The bill—introduced by Rep. Mark Pocan, D-Wis., and co-sponsored by several other Democratic U.S. Reps.—was created as a bipartisan bill to gain support from House Republicans who have shown interest in helping student loan borrowers.

The Student Loan Refinancing Act aims to remove current refinancing constraints, permitting those with a subsidized or unsubsidized federal Stafford loan or federal direct PLUS loan to refinance any time interest rates are reduced.

This would allow students who took out undergraduate direct loans with an interest rate of, for example, 6.8 percent to now refinance their loans to use the current federal interest rate of 4.6 percent.

The goal is to create significant savings for students over the lifetime of their loan, according to Pocan.

“With college debt skyrocketing, Congress should be doing everything it can to help reduce the crushing burden of student debt,” Pocan said in a statement. “The Student Loan Refinancing Act will allow nearly 44 million Americans to refinance their student loans, just like a mortgage or car loan. This bill would bring down the long-term cost of a college degree.”

The bill comes in response to President Donald Trump administration rolling back protections for students who default on their loans. The protection, called the Federal Family Education Loan Program, kept debt collectors from charging high fees to those who had defaulted on their loans.
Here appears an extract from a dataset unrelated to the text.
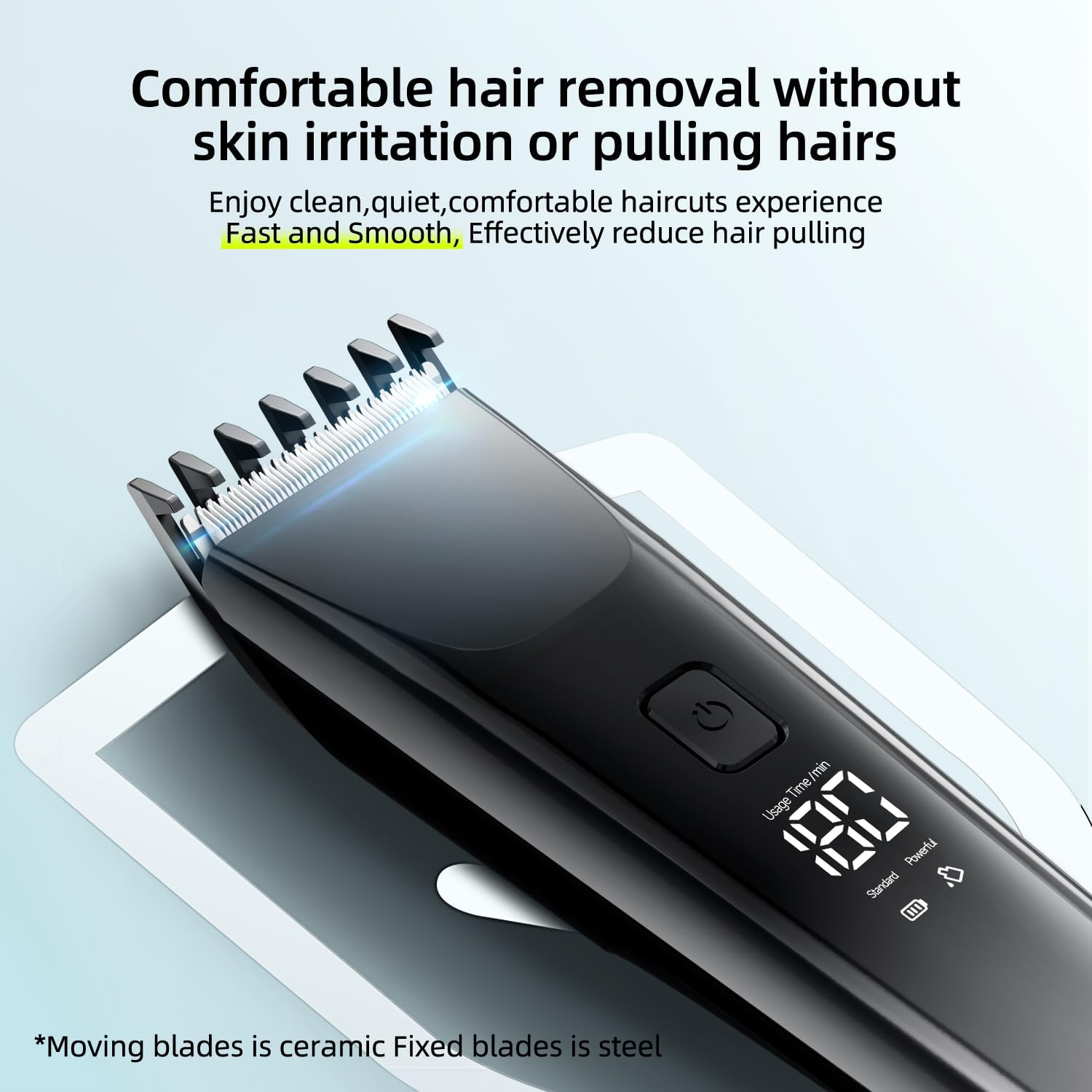 Hair Clippers for Men and Kids Adjustable Length Trimmer Haircut Professional Haircuts Tool Grooming 6 Kit LED Screen Display Fast Charge for Family Black
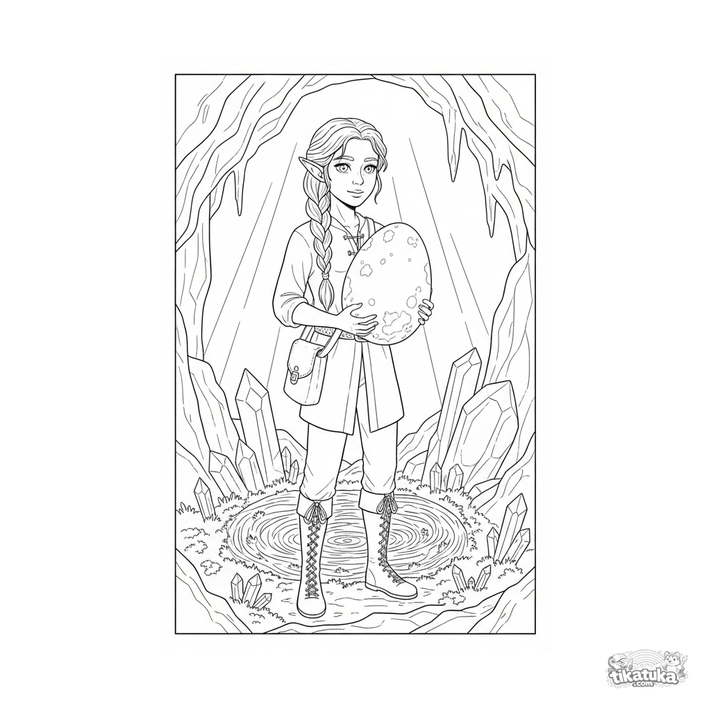 Página para colorear para 10-12 años: un joven elfo descubre un huevo de dragón brillante en una cueva de cristal. Escena detallada para colorear creativamente.

The act would help hundreds of thousands of borrowers in Wisconsin refinance their student loans, according to One Wisconsin Now executive director Scot Ross.

“Student loan borrowers did the right thing by working hard to pay for their technical college or university education and allowing them to refinance their loans treats them fairly in a system that’s rigged against them and gives them a shot at their piece of the American Dream,” Ross said.